# Hello Post from Nova Scotia



## d.frizzell (Aug 27, 2012)

Hi,
I am a small scale hobby beekeeper (8 hives). I live on Cape Breton Island, Nova Scotia. Until very recently we had no varroa mite here on the island, however that has changed due to hives from other parts introduced to pollinate blueberry fields. So 2 years ago I came across Michael Bush's great website and I started with foundationless. I didn't have mites in my hives but I want to be prepared. I have some questions that I will post later.
Donna Frizzell
Cape Breton, Nova Scotia


----------



## Adam Foster Collins (Nov 4, 2009)

Hi Donna,

There are a few beekeepers from NS here. I have 13 colonies in top bar hives and 8 frame langs in downtown Halifax, Dartmouth and in Musquodoboit Harbour. I'm in my third season here. I have been using a mix of foundationless, small cell foundation and foundation strips. It's interesting to hear your thoughts about mites in CB, as many have guessed that they are there, and I had not heard for sure from a Cape Bretoner. Last year, 250 hives were brought down from CB and sold out of Halifax. People down here guessed that they had mites.

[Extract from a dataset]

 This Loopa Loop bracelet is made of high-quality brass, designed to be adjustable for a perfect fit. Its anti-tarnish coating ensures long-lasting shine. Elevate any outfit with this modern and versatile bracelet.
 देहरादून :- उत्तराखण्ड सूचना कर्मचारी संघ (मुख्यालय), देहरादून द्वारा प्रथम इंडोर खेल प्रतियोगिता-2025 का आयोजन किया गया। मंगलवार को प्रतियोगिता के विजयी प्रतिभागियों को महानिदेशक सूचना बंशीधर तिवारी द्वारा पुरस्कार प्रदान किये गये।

Good to have you on the forum,

Adam


----------



## d.frizzell (Aug 27, 2012)

Hello Adam,
Nice to hear from you and know that a few others here in Nova Scotia are doing small cell. I am not quite there yet but next year I plan to cull all LC foundation (from my honey supers) and use SC foundation or foundationless. My bees are definitely smaller. I have all 10 frame langs. I don't know who here on CB would have that many hives to sell - the one commercial beekeeper is now more or less retired. There are definitely mites here now, I don't have any in my hives, but most on the island do now. I definitely won't be using treatments, so I hope my SC efforts will be successfull. If you have a small group down in Halifax maybe we could get together and have Michael Bush speak up there sometime.


----------



## Tiwilager (Mar 13, 2012)

Hello!
I'm from Halifax as well!
I don't have anything to say really, just get excited when I see people from the area.


----------



## dan men (Jun 27, 2012)

on the subject varrola i been doing some studying and I'm debating in be-twin starting out by following the principles of the langs method of operating and the natural bee way it seems that the different results between both from Watt i understood is the langs way you create more bee's and honey, the natural way you create less bee's and honey but the hive seems to be a way stronger colonie against mites not sure if this is just due to the method or just the fact that the bee's are always falling down on the screen and possibly banging the mites off


----------